Hope seems fragile — particularly in trying times like what is unfolding in Afghanistan today. Yet somehow American hope endures.
The Trump administration’s decision to abandon Afghanistan, carried out with “messy” execution by the Biden administration, is a geopolitical humiliation for America. This month’s chaotic scenes from Kabul as the U.S. beats a hasty withdrawal brings more than haunting pictures that parallel America’s similarly hasty 1975 withdrawal from Vietnam. This affects real people our nation made commitments to.
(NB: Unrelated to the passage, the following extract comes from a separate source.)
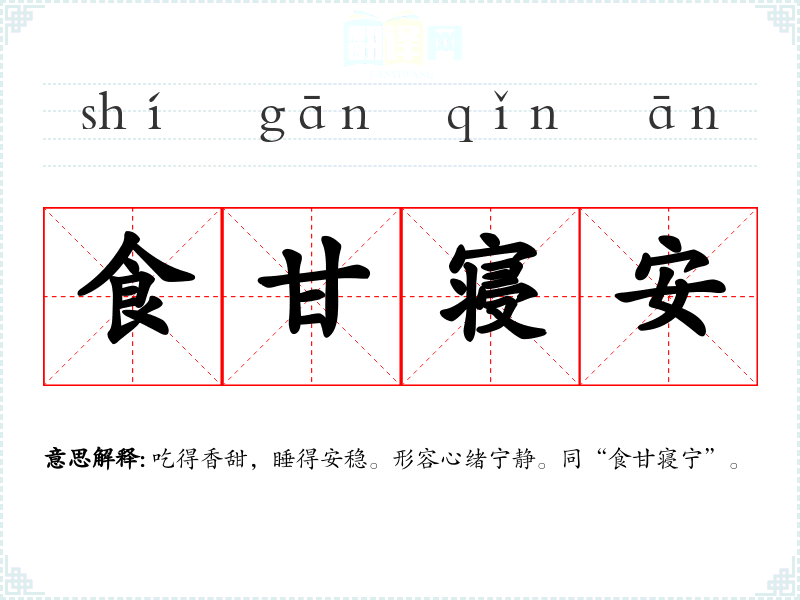 吃得香甜,睡得安稳。形容心绪宁静。同“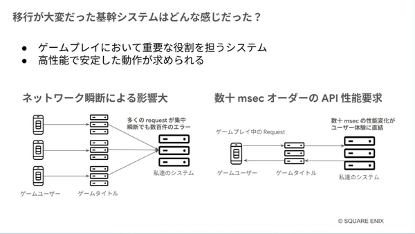 詳細は伏せられたが、移行を進めたゲーム基盤は、ゲームプレイにおいて重要な役割を担うシステムであり、高性能で安定した動作が求められていた。新作ゲームのリリースやイベント時には大量のリクエストが集中し、“ネットワークが瞬断”すると数百件のエラーが発生してしまう。加えて、ユーザー体験のために、“数十msecオーダーのAPI性能”が要求されていた。

In 2011-12, I served with the 10th Mountain Division in Kandahar Province. A young Afghan man volunteered to serve with the U.S. Army and was placed with my unit as a translator. He was only 19 years old. I listened to him recount his belief in the ideals of American freedom and his vision that Afghanistan could be more than a war-torn country ruled by drug thugs and violent Islamic extremists. He served with American forces loyally as an Afghan believer in the goodness of America and the best our nation offers. Like me, he undertook military missions side by side with American soldiers; unlike me, he went out with our troops unarmed because he was an Afghan national amid U.S. forces and was not permitted to carry a weapon.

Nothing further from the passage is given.